老師先故意使用一個不太適合的方式:Any

from typing import Any

-BoundedList = Annotated[list[Any], Field(max_length=10)]

問題是:Any 可接受任何型態,但我們其實想要的同一種型態(整數列表、字串列表…)。

此時可以使用型別變數(適用自訂類型):TypeVar

from typing import TypeVar

T = TypeVar('T')

BoundedList = Annotated[list[T], Field(max_length=10)]

BoundedList[int]
BoundedList[str]
typing.Annotated[list[int], FieldInfo(annotation=NoneType, required=True, metadata=[MaxLen(max_length=10)])]

typing.Annotated[list[str], FieldInfo(annotation=NoneType, required=True, metadata=[MaxLen(max_length=10)])]

和 2-4 一樣,我們也可以在 Model 中使用。

class Model(BaseModel):
    integers: BoundedList[int] = []
    strings: BoundedList[str] = []

Model()

Model(integers=[1.0, 2.0], strings=["abc", "def"])
Model(integers=[], strings=[])

Model(integers=[1, 2], strings=['abc', 'def'])

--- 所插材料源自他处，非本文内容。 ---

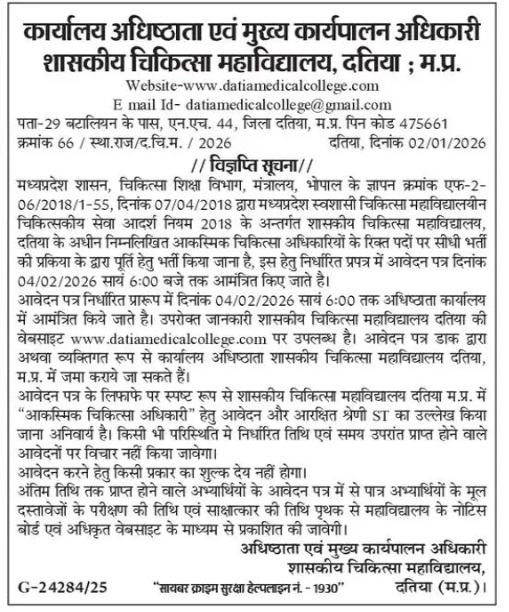 Application forms can be submitted by post or in person at the office. It is mandatory to clearly mention “Application for Casual Medical Officer” at Government Medical College, Datia, M.P. and the reserved category ST on the envelope of the application form.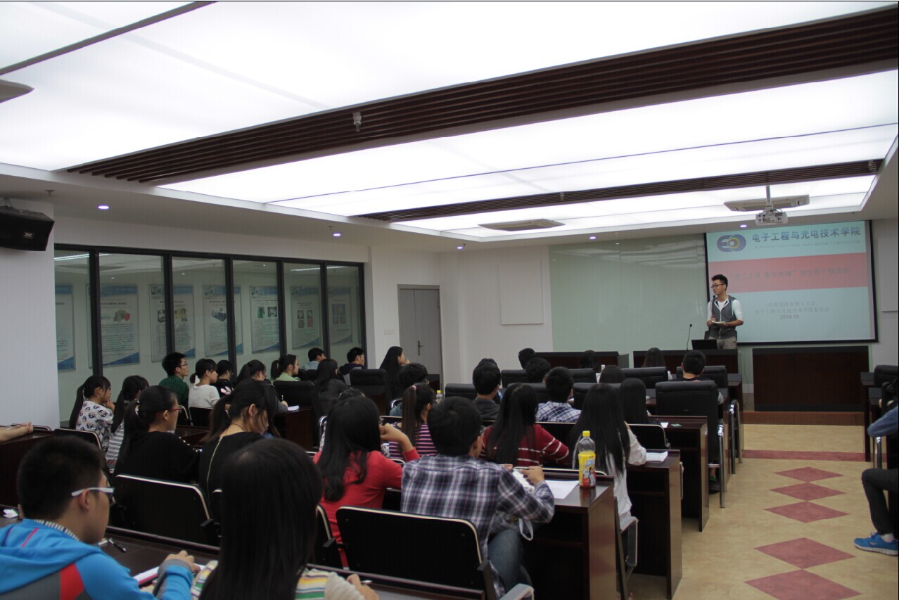 交流会伊始,南京理工大学电子工程与光电技术学院团委副书记对我院学生骨干们表示热烈的欢迎和良好的祝愿,紧接着对其院团委的日常工作和内部建设做了详细介绍。南理工光电学院学生会主席向在座的各位阐述了学生会的工作理念和工作内容;青协主席介绍了内部管理体系和志愿服务基地;科协主席介绍了科创体系以及科创实验室,社团联合会主席则以幽默风趣的形式介绍了各社团的工作情况。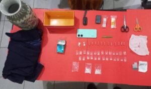Selain itu, turut diamankan sejumlah barang bukti lain seperti timbangan digital, plastik klip, hingga alat yang diduga digunakan untuk mengemas narkotika.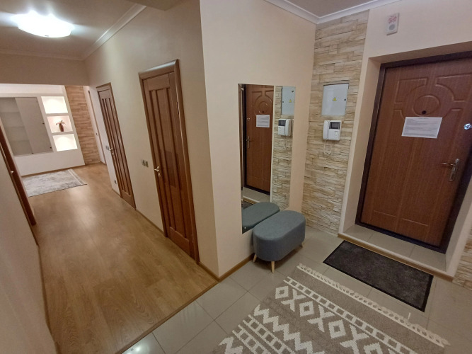 Есть двуспальная кровать и двуспальный раскладной диван, в каждой комнате и на кухне телевизоры, в коридоре настенное зеркало в полный рост и гардеробная комната.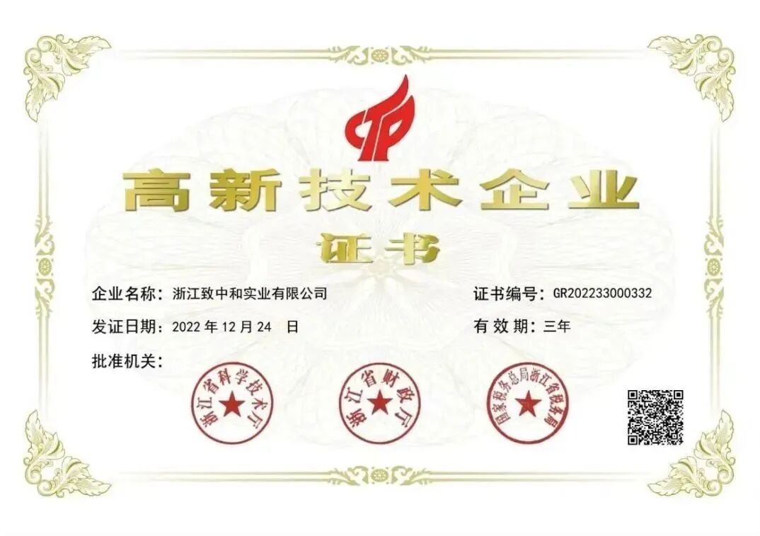 2019年浙江致中和实业有限公司荣获“国家高新技术企业”称号,此次再获殊荣是一份肯定,更是一种力量。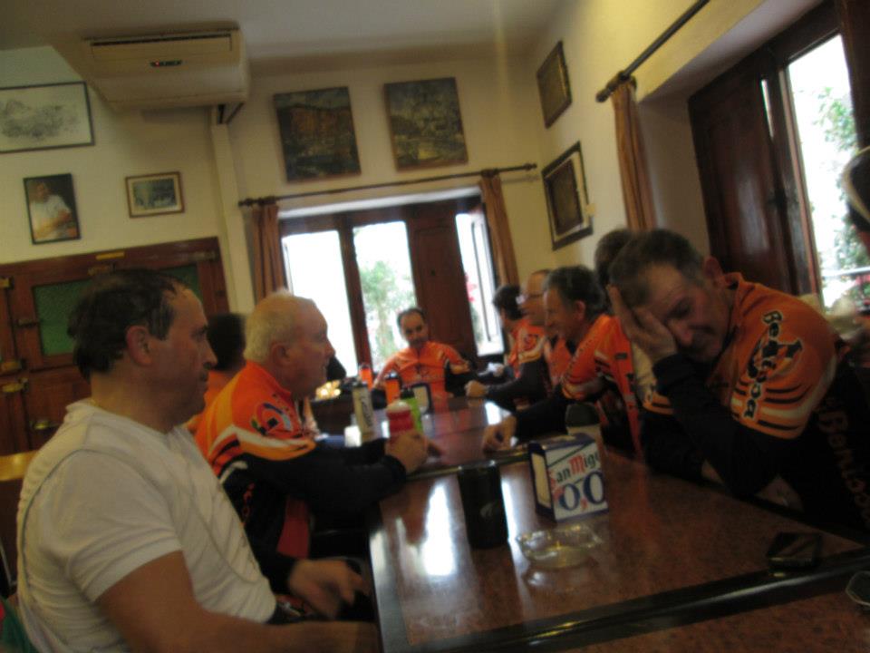 La ruta consistía en ir hasta Oliva por la carretera general, para desviarnos a Pego y almorzar en el Bar Rafel. A mitad del almuerzo, Pepelu, el más veterano de todos los presentes hizo un brindis de navidad. Posteriormente retomamos la ruta y volvimos por el interior hasta Orba, Parcent, Xaló y Benissa.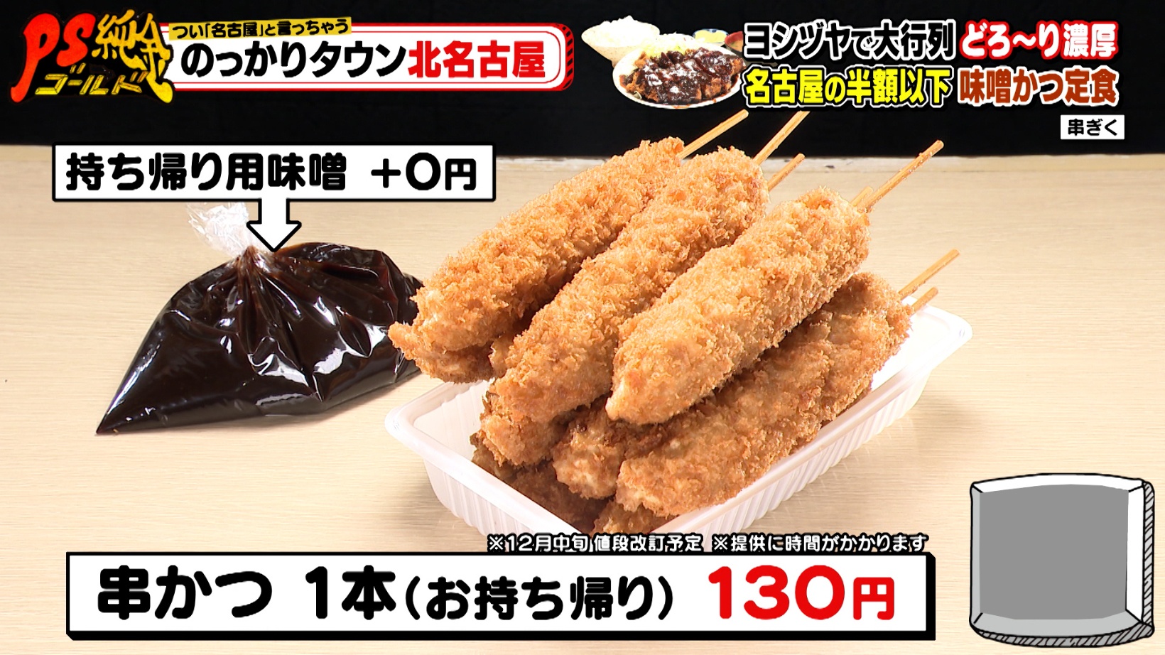 また、「串かつ定食(750円)」やテイクアウトが大人気の串かつも。「串かつ(1本・130円※お持ち帰り)」は味噌が0円でつくので、家呑みやイベント時にぴったりなのだとか。人気の持ち帰りは、平均30分の待ち時間がありますが、常連客は先に注文し、その間に『ヨシヅヤ』で買い物などをして過ごしているようです。

和 Any 不同,指定為整數卻傳入浮點數時,會報錯。

這就是我們想要的結果。

try:
    Model(integers=[0.5])
except ValidationError as ex:
    print(ex)
1 validation error for Model
integers.0
  Input should be a valid integer, got a number with a fractional part [type=int_from_float, input_value=0.5, input_type=float]
    For further information visit https://errors.pydantic.dev/2.7/v/int_from_float

▌4. 字串約束 String Constraints

4-1. 在 Field 中設定

前面的章節介紹過 String Constraints,我們可以在 Field 中設定字串的限制,例如:

from pydantic import BaseModel, Field, ValidationError

class Model(BaseModel):
    name: str = Field(min_length=2, max_length=5)

4-2. StringConstraints

如果我們想要做的更多(刪除空白字符、轉換為大寫或小寫),那上述方法就不適用了。請改用 StringConstraints。

Name Type Description
strip_whitespace bool | None 是否從字串中刪除空白字符。
Whether to strip whitespace from the string.
to_upper bool | None 是否將字串轉換為大寫。
Whether to convert the string to uppercase.
to_lower bool | None 是否將字串轉換為小寫。
Whether to convert the string to lowercase.
strict bool | None 是否在嚴格模式下驗證字串。
Whether to validate the string in strict mode.
min_length int | None 字串的最小長度。
The minimum length of the string.
max_length int | None 字串的最大長度。
The maximum length of the string.
pattern str | Pattern[str] | None 字串必須匹配的正則表達式模式。
A regex pattern that the string must match.
from typing import Annotated
from pydantic import StringConstraints

StandardString = Annotated[
    str, 
    StringConstraints(to_lower=True, min_length=2, strip_whitespace=True)
]

class Model(BaseModel):
    code: StandardString | None = None

Model()

Model(code="ABC   ")

try:
    Model(code="   a   ")
except ValidationError as ex:
    print(ex)
Model(code=None)

Model(code='abc')

1 validation error for Model
code
  String should have at least 2 characters [type=string_too_short, input_value='   a   ', input_type=str]
    For further information visit https://errors.pydantic.dev/2.5/v/string_too_short

▌5. Project

5-1. BoundedString & BoundedList

建立一個註釋類型,名為 BoundedString,定義一個最少 2 字元、最多 50 字元的字串。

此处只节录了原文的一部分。